Circling formations of basking sharks have been observed from aircraft several times over the past 40 years in the northwestern Atlantic. Similar circles had not previously been formally documented in the northeast Atlantic, which is perhaps surprising, given that it is a region well known for basking sharks. Up-close encounters with basking sharks have been recorded since at least the mid-18th century off the UK and Ireland, as a result of organized fisheries for their liver oil, meat, and fins. A more recent increase in reported sightings has followed the rise in ocean ecotourism, recreation, and scientific studies. But no circles were reported over all that time. So why were circles observed in the northwest but seemingly not in the northeast Atlantic? Did this indicate differential use of the North Atlantic by basking sharks for different behaviours or life-history events?
An old proverb tells us that good things come to those who wait. It isn’t wrong. In August 2016, an incredible opportunity arose to study circling basking sharks up close for the first time. Two different circles of non-feeding basking sharks were encountered south of the Aran Islands, County Galway, and were filmed over several hours. The first encounter was filmed by Ken O’Sullivan and Kev Smith of SeaFever Productions, and a second by Nick and Brianna Pfeiffer and Paul Connery of MERC Ecological Consultants. For basking shark researchers, it was like waiting for buses: nothing for ages then two at once: the circles were just 9 days and a few kilometres apart.

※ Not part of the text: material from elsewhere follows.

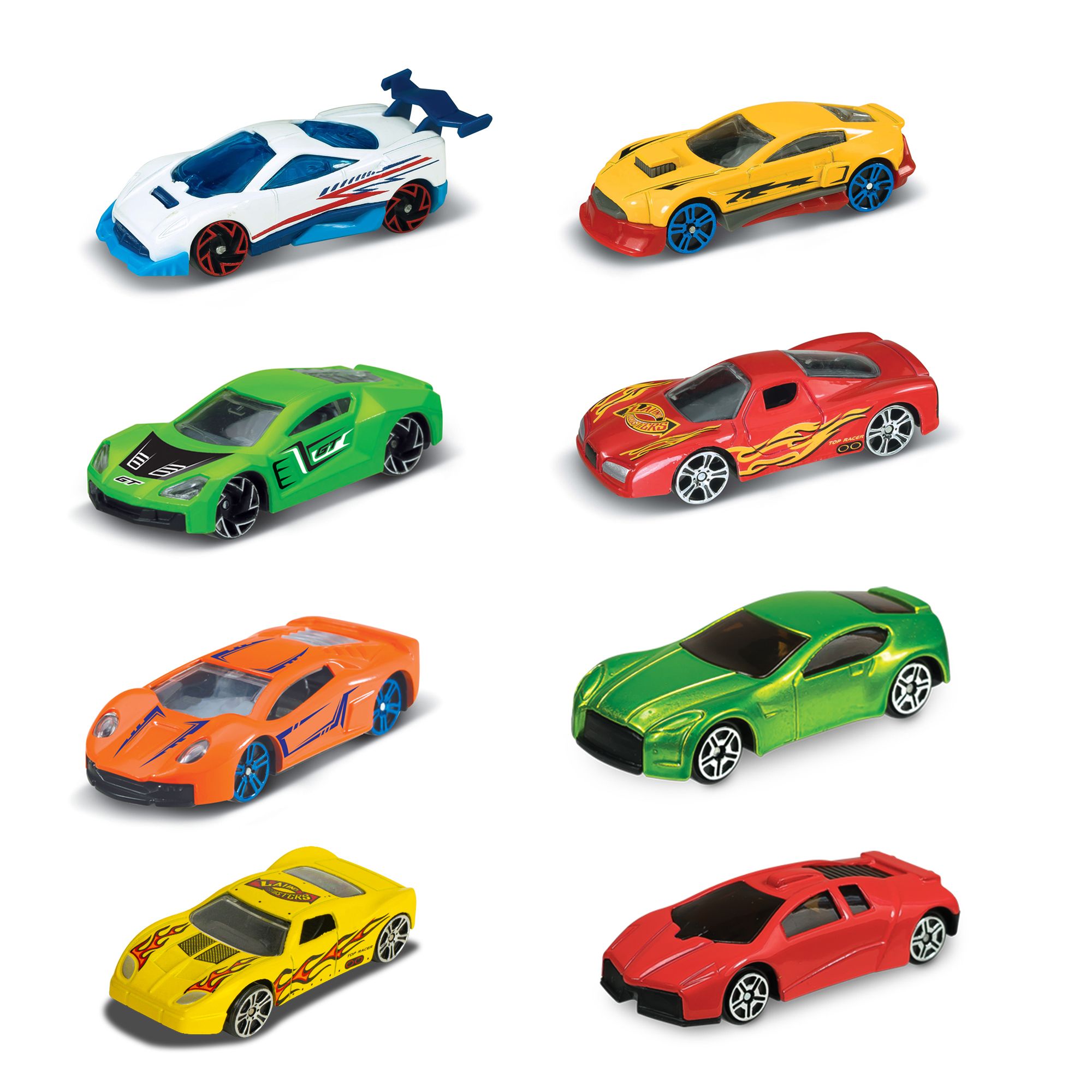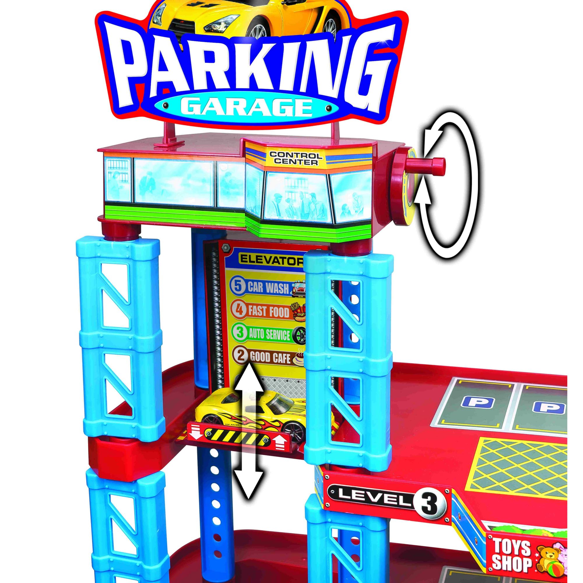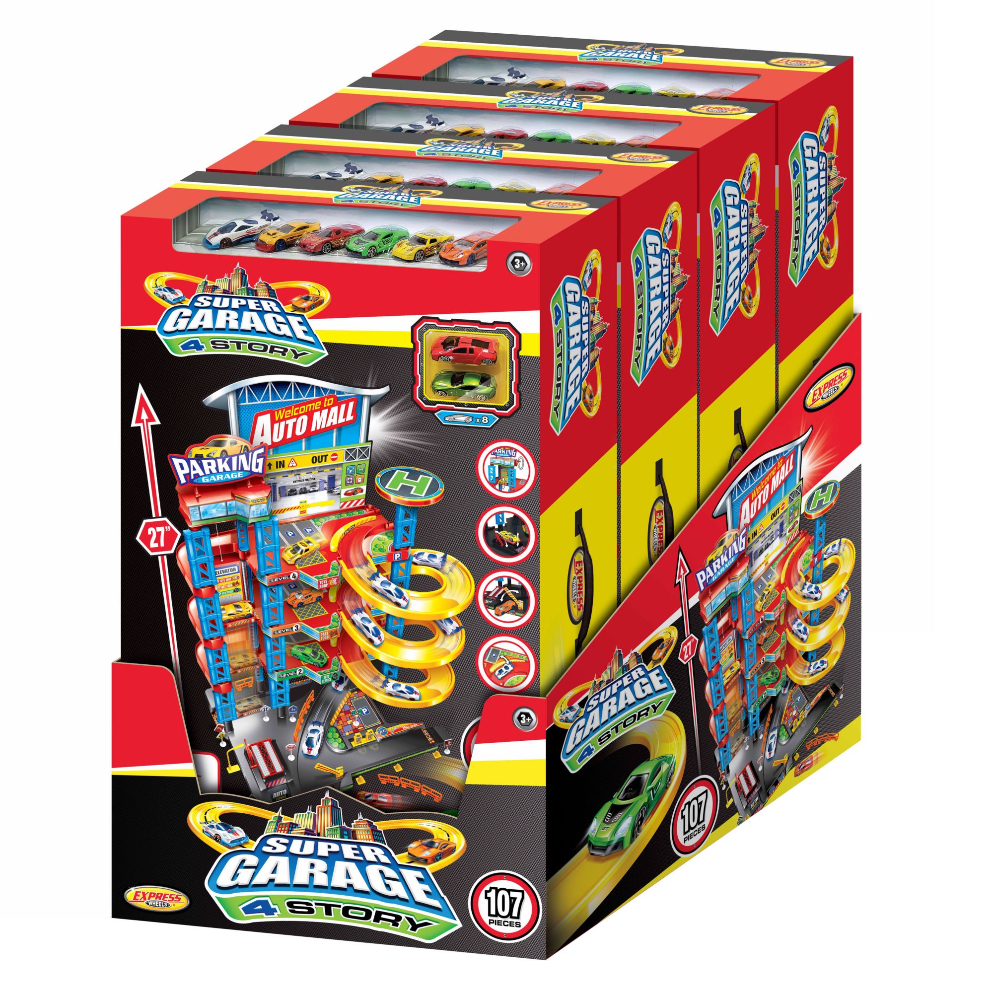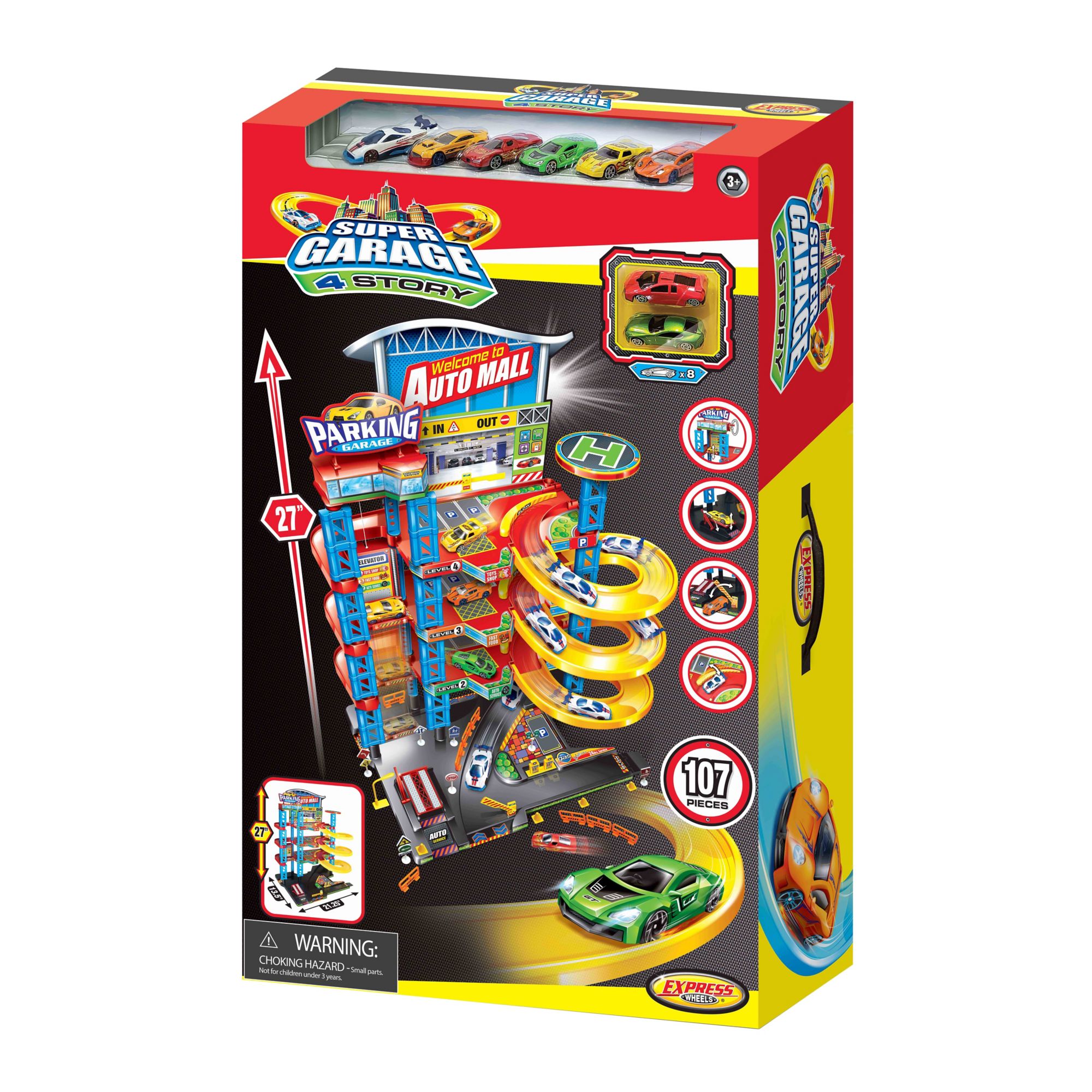 The Express Wheels 4 Story Parking Garage set comes with eight (1:64 Scale) die cast racers cars and with different real style plastic road signs and many others fun play accessories. Whiz the cars down through the 4 levels on the ramps. All eight cars are made of high quality die-cast metal and plastic with authentic styling and eye-catching decorations.

These first two circles yielded fascinating new insights. The two field teams did a masterly job of video-recording successive rotations of sharks moving within the circles, to enable sexes and individuals to be identified. The first group was a slowly spinning formation of 16 sharks resembling a three-dimensional layered structure we termed a ‘torus’. It comprised both non-feeding females and males; the males were identified from the presence of ventral claspers in the pelvic region which are used to transfer sperm to females. The sharks were distributed in the torus in three separate layers, from the surface to 5–10 m depth. The torus diameter was only 23 m across, but was made up of sharks that were about 7–9 m long, which meant that these giants were very close to each other while they circled. Indeed, the recordings showed the sharks displaying close following, parallel and echelon swimming, and close flank approach, which are all behaviours consistent with courtship seen in other shark species.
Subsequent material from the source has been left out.